# Observability & Custom Telemetry
This guide shows how to build custom observability middleware that emits telemetry events, OpenTelemetry spans, or any other instrumentation from your agent's LLM and tool execution lifecycle.
## Why Middleware?
Sagents provides a `callbacks/1` middleware callback that lets you hook into every LLM event — token usage, tool execution, message processing, errors, and more. Rather than building a one-size-fits-all telemetry integration, Sagents leaves this to you as a custom middleware because:
- **Your telemetry metadata is unique** — customer IDs, tenant context, billing tiers, feature flags
- **Your instrumentation stack is unique** — `:telemetry`, OpenTelemetry, StatsD, Prometheus, Datadog
- **Your event shapes are unique** — what you measure and how you label it depends on your domain
The `callbacks/1` callback gives you direct access to LLM lifecycle events, and your middleware's `init/1` config is the natural place to carry your application-specific context.
## Quick Start
Here's a minimal observability middleware that emits `:telemetry` events for token usage:
```elixir
defmodule MyApp.Middleware.Observability do
@behaviour Sagents.Middleware
@impl true
def init(opts) do
{:ok, %{service_name: Keyword.get(opts, :service_name, "agent")}}
end
@impl true
def callbacks(config) do
%{
on_llm_token_usage: fn chain, usage ->
%{model: model_name} = chain.llm
:telemetry.execute(
[:myapp, :llm, :token_usage],
%{input: usage.input, output: usage.output},
%{service: config.service_name, model: model_name}
)
end
}
end
end
```
Add it to your agent:
```elixir
{:ok, agent} = Sagents.Agent.new(%{
model: model,
middleware: [{MyApp.Middleware.Observability, service_name: "support-agent"}]
})
```
That's it. Every LLM call made by this agent will now emit a `[:myapp, :llm, :token_usage]` telemetry event with your service name attached.
## Passing Application-Specific Context
The real power of middleware-based observability is that `init/1` receives your application context and `callbacks/1` closes over it.

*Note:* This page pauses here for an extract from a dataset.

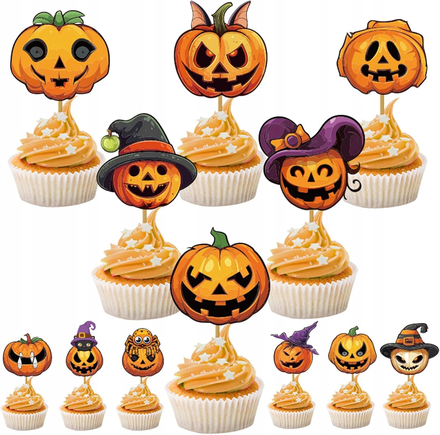 - ✅ Набір топперів для Хеллоуїна: містить 30 штук декоративних топперів для капкейків у формі капелюха відьми, гарбуза та кексу.
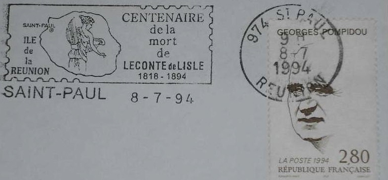 Сен-Поль. 100 лет со дня смерти Леконта де Лиля. Силуэт острова Реуньон, муза (машинный).

This means every event you emit can carry metadata that is specific to your system — customer IDs, user IDs, billing tiers, or anything else.
```elixir
defmodule MyApp.Middleware.Observability do
@behaviour Sagents.Middleware
@impl true
def init(opts) do
{:ok, %{
service_name: Keyword.get(opts, :service_name, "agent"),
customer_id: Keyword.fetch!(opts, :customer_id),
user_id: Keyword.fetch!(opts, :user_id)
}}
end
@impl true
def callbacks(config) do
%{
on_llm_token_usage: fn chain, usage ->
%{model: model_name} = chain.llm
:telemetry.execute(
[:myapp, :llm, :token_usage],
%{input: usage.input, output: usage.output},
%{
service: config.service_name,
model: model_name,
customer_id: config.customer_id,
user_id: config.user_id
}
)
end,
on_tool_execution_started: fn _chain, tool_call, _function ->
:telemetry.execute(
[:myapp, :tool, :started],
%{system_time: System.system_time()},
%{
tool: tool_call.name,
customer_id: config.customer_id,
user_id: config.user_id
}
)
end,
on_tool_execution_completed: fn _chain, tool_call, _tool_result ->
:telemetry.execute(
[:myapp, :tool, :completed],
%{system_time: System.system_time()},
%{
tool: tool_call.name,
customer_id: config.customer_id,
user_id: config.user_id
}
)
end,
on_tool_execution_failed: fn _chain, tool_call, error ->
:telemetry.execute(
[:myapp, :tool, :failed],
%{system_time: System.system_time()},
%{
tool: tool_call.name,
error: inspect(error),
customer_id: config.customer_id,
user_id: config.user_id
}
)
end
}
end
end
```
When creating the agent, pass the context from your application:
```elixir
# In your Coordinator, Factory, or wherever agents are created
{:ok, agent} = Sagents.Agent.new(%{
model: model,
middleware: [
{MyApp.Middleware.Observability,
service_name: "support-agent",
customer_id: customer.id,
user_id: current_user.id},
# ... other middleware
]
})
```
Now every telemetry event carries the customer and user context, so you can slice metrics by customer, track per-user usage for billing, or correlate tool failures with specific accounts.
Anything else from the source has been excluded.